**Dataset content:**

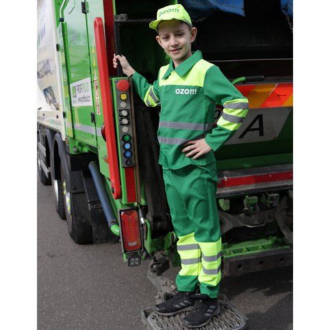 Být popelářem byl v dětství sen skoro každého malého chlapce! S tímto exkluzivním dětským kostýmem se v něj proměníte během chvilky! Sada obsahuje blůzu s nápisem OZO!!!, kalhoty a čepici, vše s reflexními pruhy. Kostým velikosti M je určen pro chlapečky ve věkovém rozmezí 6-8 let (116-128 cm).
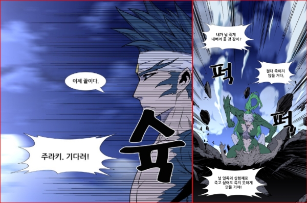 이미지 확대보기화요웹툰 '노블레스 456'화에서는 일족의 전사인 주라키와 루나크의 싸움에서 루나크가 가까스로 살아나게 된다. /사진=네이버 화요웹툰 노블레스 화면 캡처[글로벌이코노믹 이해성 기자] 화요웹툰 '노블레스 456화'가 1만2455명 조회수를 기록하며 네티즌들의 인기를 끌고 있다.
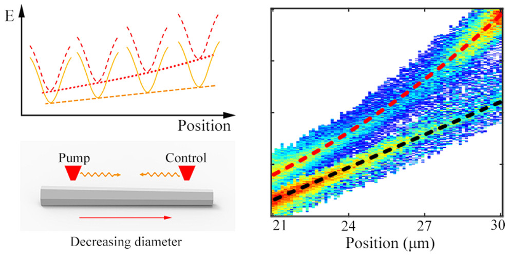 2月25日,《纳米快报》(Nano Letters)在线刊发了中心周伟航副教授团队关于激子极化激元基础物性的研究论文“Polariton–Polariton Interactions Revealed in a One-dimensional Whispering Gallery Microcavity”。该研究利用激子极化激元的半光半物质特性以及它们的玻色-爱因斯坦凝聚效应,精确测量出了激子极化激元体系的相互作用常数(图3),不仅发现激子极化激元之间的库仑相互作用强度比理论预期大了两个数量级,还观察到了激子极化激元这种奇特粒子的弹道输运及机械能守恒现象,对于研究激子极化激元的丰富物理特性,开发它们在新一代光电器件领域的潜在应用具有重要意义。
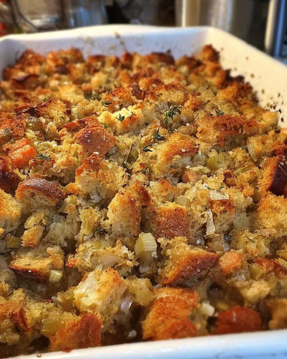Close-up of a baking dish filled with golden-brown restaurant-style stuffing, featuring chunks of bread and visible vegetables.

**About this exercise:** Reproduce word for word the lines running from the line with "Interactions Revealed in" through the end of the data, both included, and nothing else; leave out the pictures.

**Exercise solution:**
 2月25日,《纳米快报》(Nano Letters)在线刊发了中心周伟航副教授团队关于激子极化激元基础物性的研究论文“Polariton–Polariton Interactions Revealed in a One-dimensional Whispering Gallery Microcavity”。该研究利用激子极化激元的半光半物质特性以及它们的玻色-爱因斯坦凝聚效应,精确测量出了激子极化激元体系的相互作用常数(图3),不仅发现激子极化激元之间的库仑相互作用强度比理论预期大了两个数量级,还观察到了激子极化激元这种奇特粒子的弹道输运及机械能守恒现象,对于研究激子极化激元的丰富物理特性,开发它们在新一代光电器件领域的潜在应用具有重要意义。
Close-up of a baking dish filled with golden-brown restaurant-style stuffing, featuring chunks of bread and visible vegetables.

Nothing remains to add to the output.